The vice rector of the University of Virginia board resigned on Tuesday, saying that he hopes his decision will help begin a “needed healing process” at the university, which has been reeling during the past week-and-a-half over the board’s decision to force Teresa A. Sullivan, a president popular with faculty and students, from office.
Leaders of the university’s Faculty Senate on Monday had called for the resignation of Mark J. Kington, the vice rector, and of the board’s rector, Helen E. Dragas. They had also asked the board to reinstate Ms. Sullivan.
After an 11-hour meeting that lasted into the early hours of Tuesday, the board instead selected an interim president, Carl P. Zeithaml, dean of the university’s McIntire School of Commerce, UVa’s undergraduate business program.
Mr. Kington sent a three-paragraph letter on Tuesday to Gov. Bob McDonnell, a Republican, informing him that he would be resigning his position on the board immediately. Mr. Kington told the governor he was doing so “to better serve this university which I love and respect, and to help bring about new leadership on the Board of Visitors at this critical time.”

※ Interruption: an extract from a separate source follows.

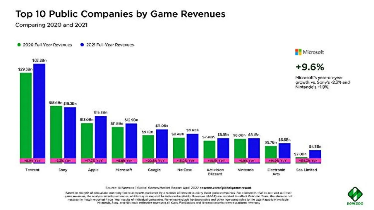 2021 yılının en çok para kazanan oyun şirketi Newzoo raporuna göre Tencent Games oldu. Mobil oyun sektöründe önemli bir yere sahip olan şirket, PUBG Mobile ve Call of Duty gibi yapımlarla geçtiğimiz sene 32, 2 milyar dolarlık gelir elde etti. 2020'de bu sayı 29, 3 milyar dolardı.Rapora göre ikinci sırada PlayStation markasıyla bilinen Sony yer alıyor. Sony, 2021 yılında 18, 3 milyar dolar kazandı. Sony'nin ardından gelen isim ise 15, 3 milyar dolar ile Apple oldu. Dördüncü sırada 12, 9 milyar dolar ile Microsoft yer alıyor.Oyun alanında en çok gelir elde eden şirketler sıralamasında 5. sıra Google'ın. 2021 yılında Google, 11 milyar dolar kazandı. Google'ı 6.'lık ile takip eden şirket ise 9, 6 milyar dolarla NetEase yer alıyor. NetEase'in ardından 8, 1 milyar dolar ile Blizzard geliyor. Sekizinci sırada 8, 1 milyar dolar ile Nintendo ve dokuzuncu sırada 6, 5 milyar dolar ile EA yer alıyor.Değerli düşüncelerinizi biz Megabayt ekibiyle yorumlarda paylaşabilirsiniz.
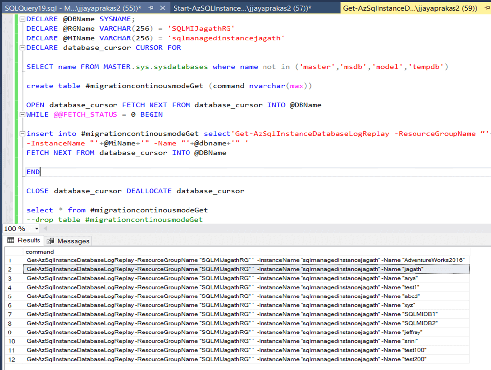 insert into #migrationcontinousmodeGet select'Get-AzSqlInstanceDatabaseLogReplay -ResourceGroupName “'+@RgName+'" `

“I believe that this is the right thing to do,” he wrote, “and I hope that it will begin a needed healing process at the university.”
Mr. Kington’s term on the Board of Visitors was set to expire in 2014. The term of Ms. Dragas is set to expire on July 1.

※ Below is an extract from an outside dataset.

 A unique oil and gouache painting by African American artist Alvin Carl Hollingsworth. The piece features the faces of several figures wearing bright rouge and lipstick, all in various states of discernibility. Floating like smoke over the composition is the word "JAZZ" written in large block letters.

Governor McDonnell declined on Tuesday to say whether he plans to reappoint Ms. Dragas to the university board, according to news reports of a conference call with reporters that the governor held from Sweden, where he is traveling. The governor said that he would have liked to have seen the board handle the situation differently, including by communicating more with people in the university community so that there would be a “much clearer understanding” about the reasons for their decision to force Ms. Sullivan’s resignation.
But, the governor also said, he believes that the board’s members made the decision they felt was in the university’s best long-term interests.
‘Real and Immediate Consequences’
Meanwhile, a prominent Virginia professor announced on Tuesday that he was resigning because of the board’s action.
“I want no part of this ongoing fiasco,” wrote William A. Wulf, a computer-science professor who was president of the National Academy of Engineering for more than a decade, in a letter to Mr. Zeithaml, the interim president. Mr. Wulf was one of a handful of people designated as a “university professor,” a title given to a small number of the university’s most-accomplished faculty.
“I do not wish to be associated with an institution being as badly run as the current UVa,” Mr. Wulf wrote in criticizing the Board of Visitors. “A BOV that so poorly understands UVa, and academic culture more generally, is going to make a lot more dumb decisions, so the University is headed for disaster, and I don’t want to be any part of that.”
He said he will not be teaching the course he was scheduled to teach in the fall, and he urged his fellow faculty to join him. “The BOV needs to understand that there are real and immediate consequences to their actions.”
Ms. Sullivan herself warned of the potential for a faculty exodus in a 14-page statement she released on Monday. In it, she defended her presidency and rejected the call for rapid change.
For the institution to keep faculty, she said, professors must believe that they can do their best work at the University of Virginia. “They must believe in the future here,” she said. “At any great university, the equilibrium—the pull between the desire to stay and the inducements to leave—is delicate. Rapid change rapidly upsets this delicate equilibrium.
“Already in the last ten days, we have lost faculty to other universities,” she continued. “Fortunately, we are well past the usual hiring season in most disciplines. But deans and provosts at every peer institution are setting aside funds now to raid the University of Virginia next year given the current turmoil on campus.”